Cottage Hill fifth-graders may move to Magnolia school |

Cottage Hill fifth-graders may move to Magnolia school

Cottage Hill and Magnolia schools will consider a potential move of Cottage Hill fifth-graders into the middle school in response to a recent increase in kindergarten enrollment numbers.

Parents are encouraged to attend meetings set for 8:30 a.m. Thursday and 6:30 p.m. Wednesday, Feb. 13, on the topic.

“We’re actually just meeting with fourth-grade parents just to talk with them and certainly get their input,” said Shar Johns, Cottage Hill principal. “And we’re not even sure if this is something we may need to do. We’re just in the process of studying and we want to involve our stakeholders.”

The consideration for a move is directly related to kindergarten enrollment numbers, said Britta Skavdahl, Pleasant Ridge School District superintendent.

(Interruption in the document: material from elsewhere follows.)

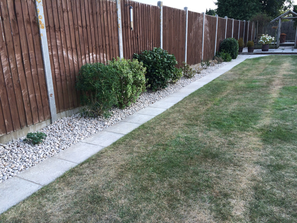 We tidied up an overgrown garden and we also re-established the rear flower bed by digging in compost and manure. An edge was added to retain the extra soil and re-cycled bricks, from the customer, were used to keep the costs down.
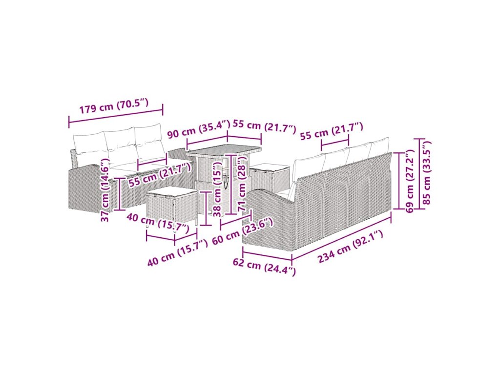 - Univerzální využití: Ideální pro využití na jaře a v létě na zahradě, sofa set se hodí na terasy a do zahrad, nabízí variabilitu od útulných sezení po větší společenské akce a umožňuje různá uspořádání.

“We’ve had an uptick in elementary enrollment overall and particularly in kindergarten,” Skavdahl said. “The search for space doesn’t make sense when there are empty classrooms at Magnolia.”

The number of students enrolled in Cottage Hill increased from 432 to 555 from 2009-10 to 2010-11, according to enrollment numbers from the California Department of Education. Part of this can be attributed to the closure of Pleasant Ridge School in 2010, which forced 185 students into Cottage Hill and Alta Sierra schools.

The question remains as to whether or not the increased number of kindergartners is an anomaly or a pattern.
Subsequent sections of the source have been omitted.